Book Review Roundup: Movie Flops, Reality TV And The Constitution

Movie Flops, Reality TV And The Constitution

"Before You Suffocate Your Own Fool Self" by Danielle Evans
The New York Times

Evans follows girls and young women who are intelligent, gutsy and black. (Her few male characters orbit closely around sisters, girlfriends and daughters.) Rather than limiting the collection's gaze, this perspective amplifies the universal pitfalls of coming of age in 21st-century America.

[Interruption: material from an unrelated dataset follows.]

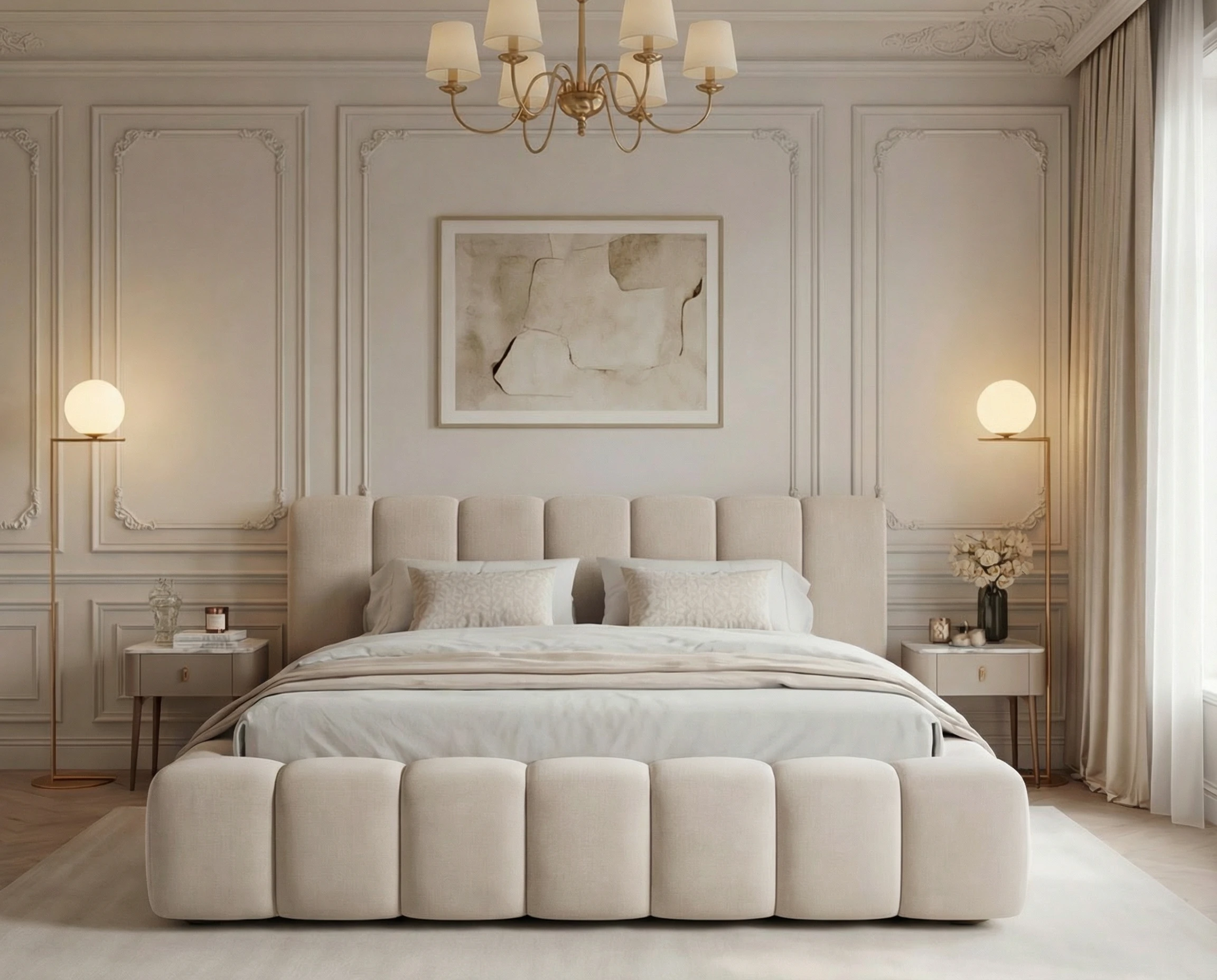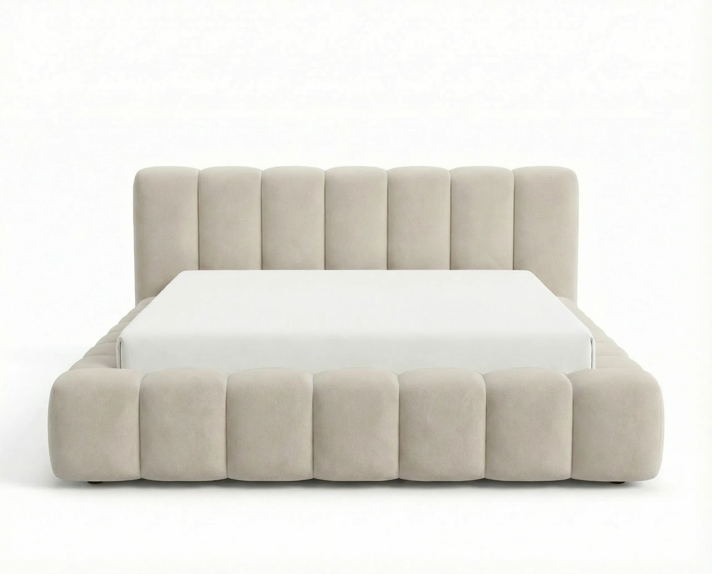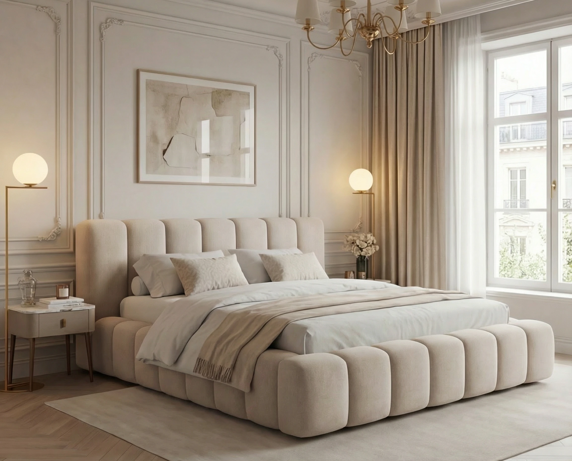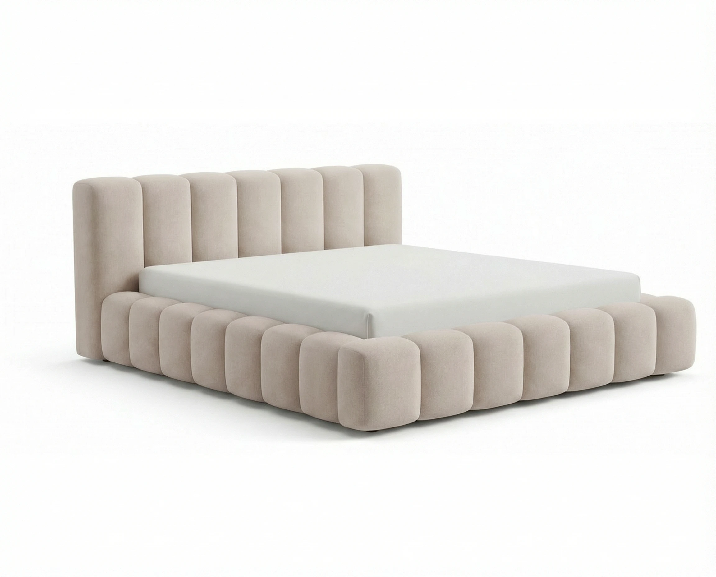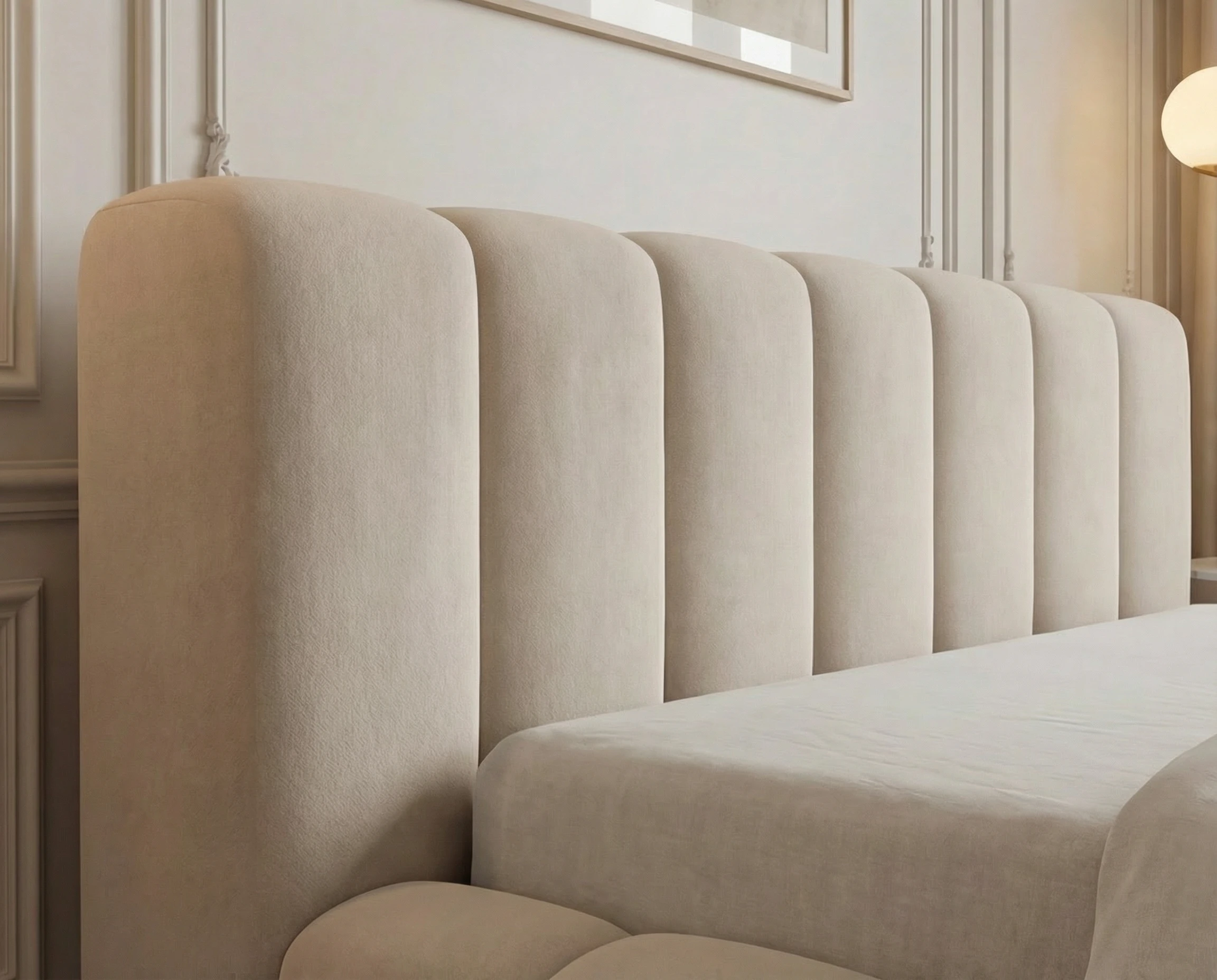 Najbardziej wyróżniającym elementem modelu są głębokie pionowe wciągi, które zdobią zarówno zagłówek, jak i ramę łóżka. Ten efektowny detal nadaje całości nowoczesnego, a zarazem luksusowego wyglądu, wprowadzając do wnętrza przytulną i elegancką atmosferę.

"MY YEAR OF FLOPS: The A.V. Club Presents One Man's Journey Deep Into the Heart of Cinematic Failure" by Nathan Rabin
The New York Times

"My Year of Flops" covers some 50 underappreciated pictures; every troubled orphan is assessed and deemed a Failure, a Fiasco or a Secret Success. Rabin scrutinizes stinker after stinker, from the 1956 Howard Hughes-produced anti-miscegenation screed "The Conqueror" (he refers to its central figure, played by John Wayne, as John Wayneghis Khan), to the dismal 2005 film version of "Rent" (which he describes, aptly, as starring "fake 20-somethings playing fake bohemians in a wholly inauthentic take on la vie bohème"), to Cameron Crowe's woebegone 2005 "Elizabethtown" (which confounded Rabin so much he wrote about it twice).

"EELS: An Exploration, From New Zealand to the Sargasso, of the World's Most Amazing and Mysterious Fish" byy James Prosek
The New York Times

And while to the Western eye eels lack the charisma we like to assign to glamorous marine megafauna like, say, striped bass (for which eels are often used as bait), their mysterious life cycle and tendency to turn up on the end of the line just about everywhere make them excellent game for an angling writer who is prepared to go deeper, so to speak.

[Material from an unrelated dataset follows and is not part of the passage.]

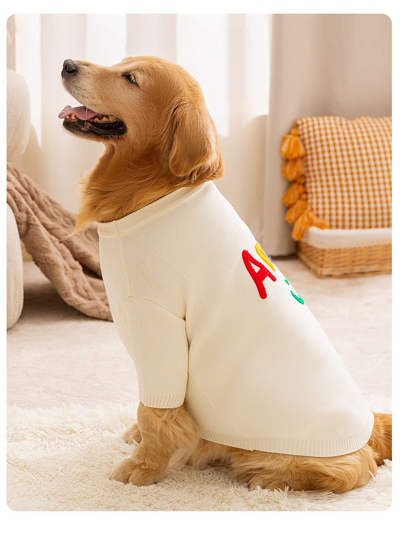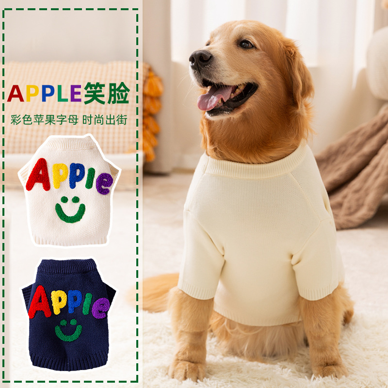 가을과 겨울 개 애플 웃는 컬러 편지 황금 머리 큰 개 스웨터 미디어와 큰 개 니트 애완 동물 옷스토어 가기

"By Nightfall" by Michael Cunningham
The Los Angeles Times

Revolving around Peter and Rebecca Harris -- fortysomething aesthetes in Manhattan's SoHo, he an art dealer and she the editor of an independent art journal -- Michael Cunningham's "By Nightfall" wants to be a novel of ideas, an inquiry into the relationship between beauty and meaning, but it can't sustain the weight of its own self-consciousness.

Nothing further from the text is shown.